The past 2 years have been a watershed for the description of cells with multiple types of Ca²⁺ channels; a wide variety of neuronal, muscle and endocrine cells have been shown to have at least two kinds of Ca²⁺ channels. Dorsal root ganglion neurones have three types of Ca²⁺ channels, called T, N and L, which are distinguishable by steady-state inactivation, activation threshold, selectivity and pharmacology. A neurotoxin from the Conus geographus snail blocks only N- and L-type Ca²⁺ channels in DRG neurones, apparently by binding directly to the external surface of the channel; this promises to be a crucial probe for both the biochemistry and function of different channel types.

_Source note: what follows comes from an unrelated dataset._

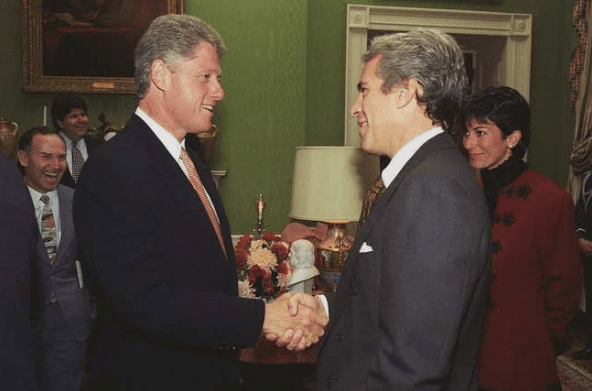 Ο Έπσταϊν, ο τότε πρόεδρος Κλίντον και στο βάθος η Μαξγουελ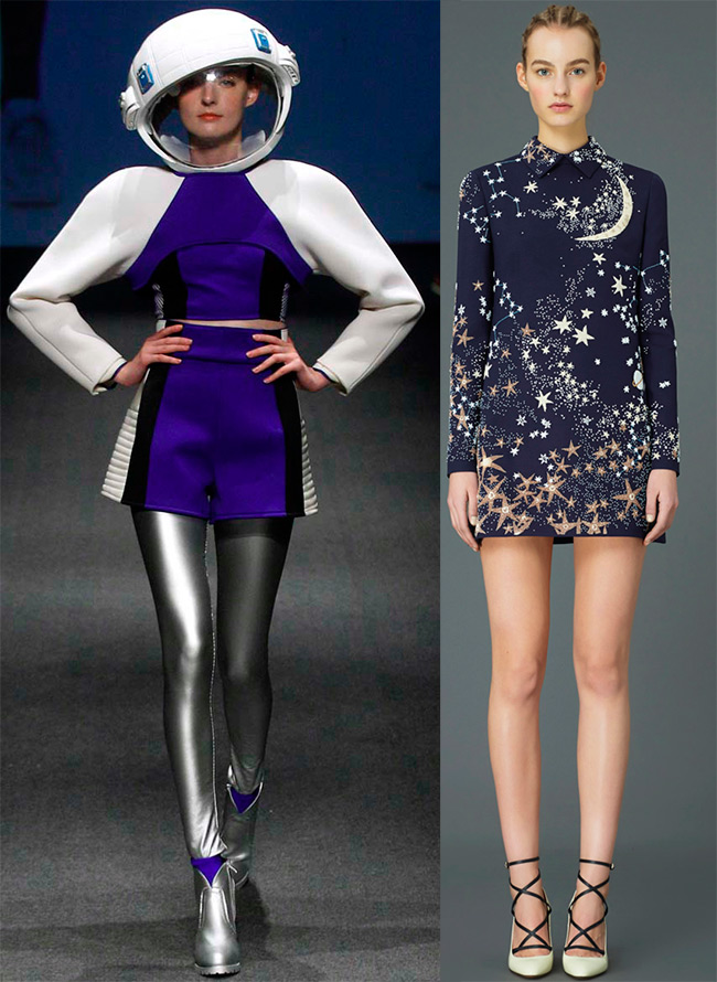 L'univers, les étoiles, le soleil, les planètes du système solaire, la lune et bien sûr les vols des astronautes à différentes époques ont influencé le travail de nombreux designers. Le 12 avril 1961, Youri Gagarine a effectué le premier vol dans le vaisseau spatial Vostok-1 et pour la première fois au monde a effectué un vol en orbite autour de notre planète. Le vol de Gagarine autour de la Terre n'a duré que 108 minutes, mais cet événement a eu un impact énorme sur la mode et toute l'histoire de l'humanité.

The toxin has created new ‘sub-classes’ of channels by distinguishing between L channels in nerve and muscle. In recording Ca²⁺ currents in different preparations, one notes that largely similar channels show enough subtle variations that a mere alphabet would be insufficient for cataloguing. On what should we base the nomenclature? Toxicology would be a poor choice. Sodium channels responsible for the rapid action potential in nerve transmission are homogeneous with respect to function, show subtle differences in kinetics and temperature dependencies, and show striking differences in toxicology. Should the sodium channels of tetrodotoxin-producing puffer fish be considered a separate kind of channel because they are tetrodotoxin-insensitive? In the case of sodium channels, function defines type. In the case of Ca²⁺ channels, elucidation of function is lagging behind the description of kinetics and pharmacology. In lieu of clearly defined functions, it seems safest to define Ca²⁺ channels by their most dramatic kinetic features, as these are most likely to reflect function.